- EXERCISE GOAL -
An exact copy of the listing below is needed, with no pictures in it.

- DATA PROVIDED -

######

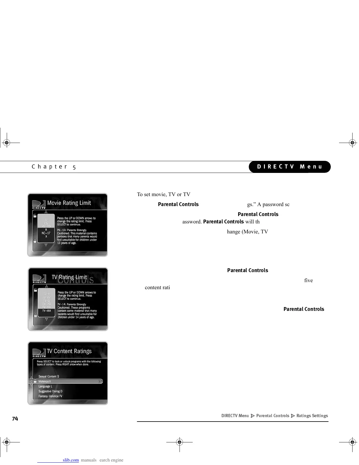 lock or unlock a content rating, highlight it and press SELECT. Your changes are
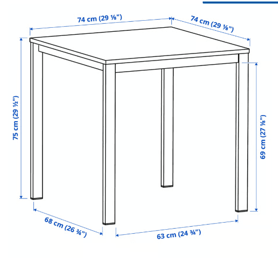 Table Dimensions:
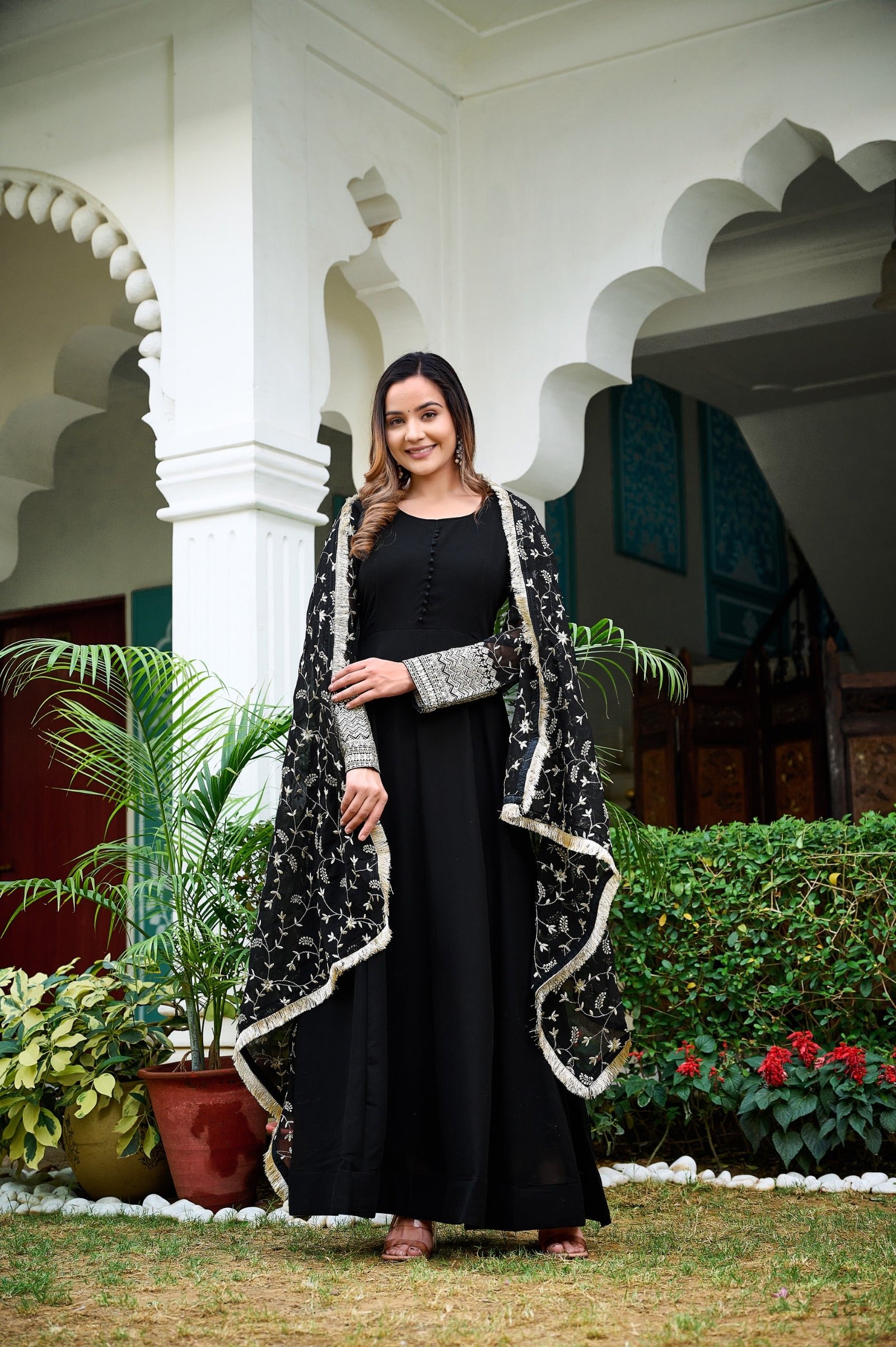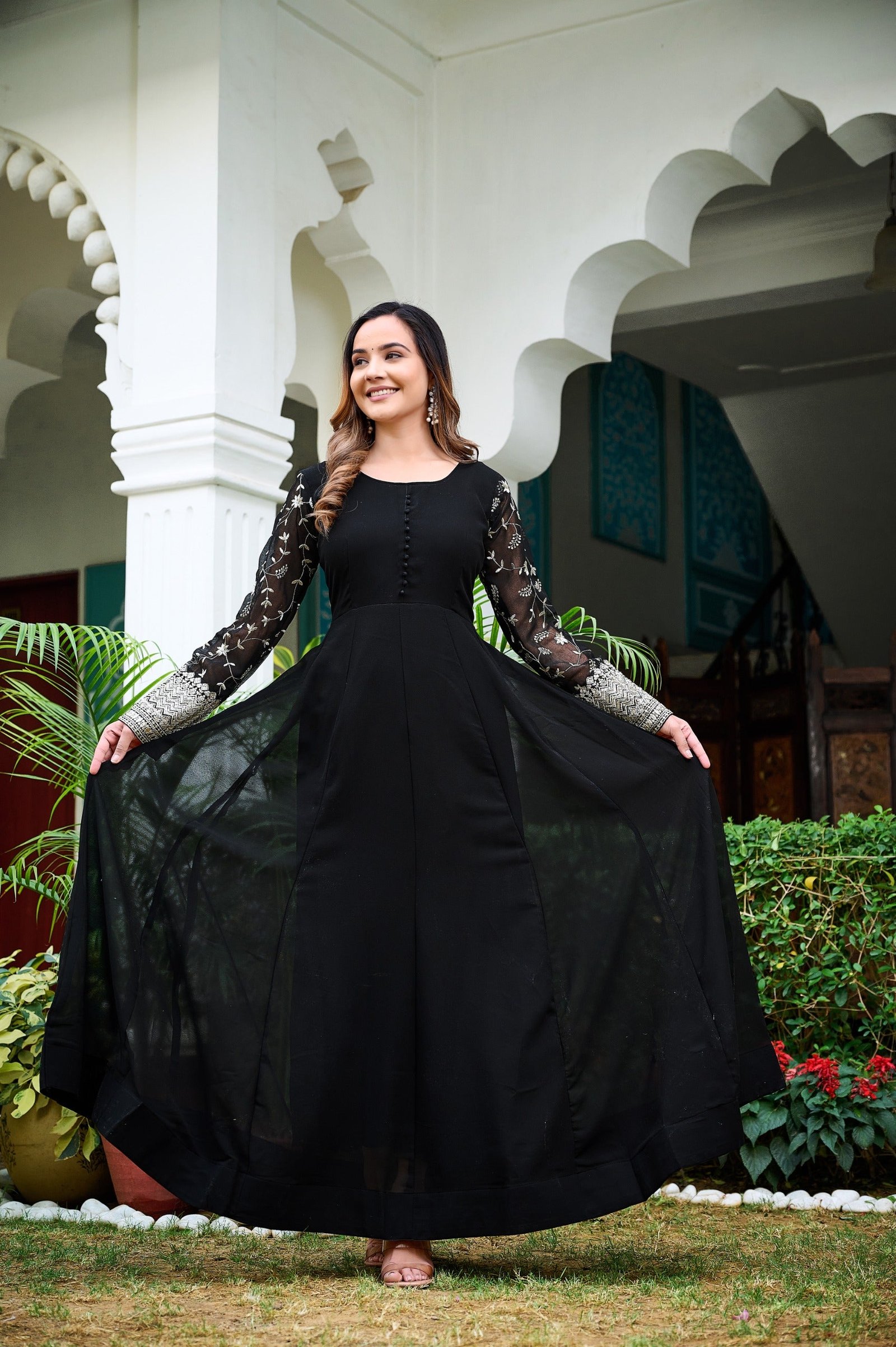 Exude elegance and sophistication with this classic black Anarkali gown, designed for a timeless and graceful look. The beautifully flared silhouette creates a dramatic flow, while the sheer embroidered sleeves add a touch of delicate charm. Perfect for evening events and festive occasions, this outfit offers a perfect blend of modern style and traditional elegance.
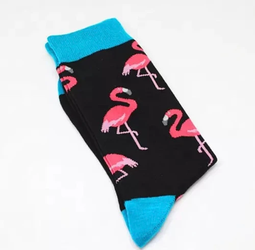 Paire de Chaussettes noires et bleues avec des flamants roses.

######

- YOUR SOLUTION -
 lock or unlock a content rating, highlight it and press SELECT. Your changes are
 Table Dimensions:
 Exude elegance and sophistication with this classic black Anarkali gown, designed for a timeless and graceful look. The beautifully flared silhouette creates a dramatic flow, while the sheer embroidered sleeves add a touch of delicate charm. Perfect for evening events and festive occasions, this outfit offers a perfect blend of modern style and traditional elegance.
 Paire de Chaussettes noires et bleues avec des flamants roses.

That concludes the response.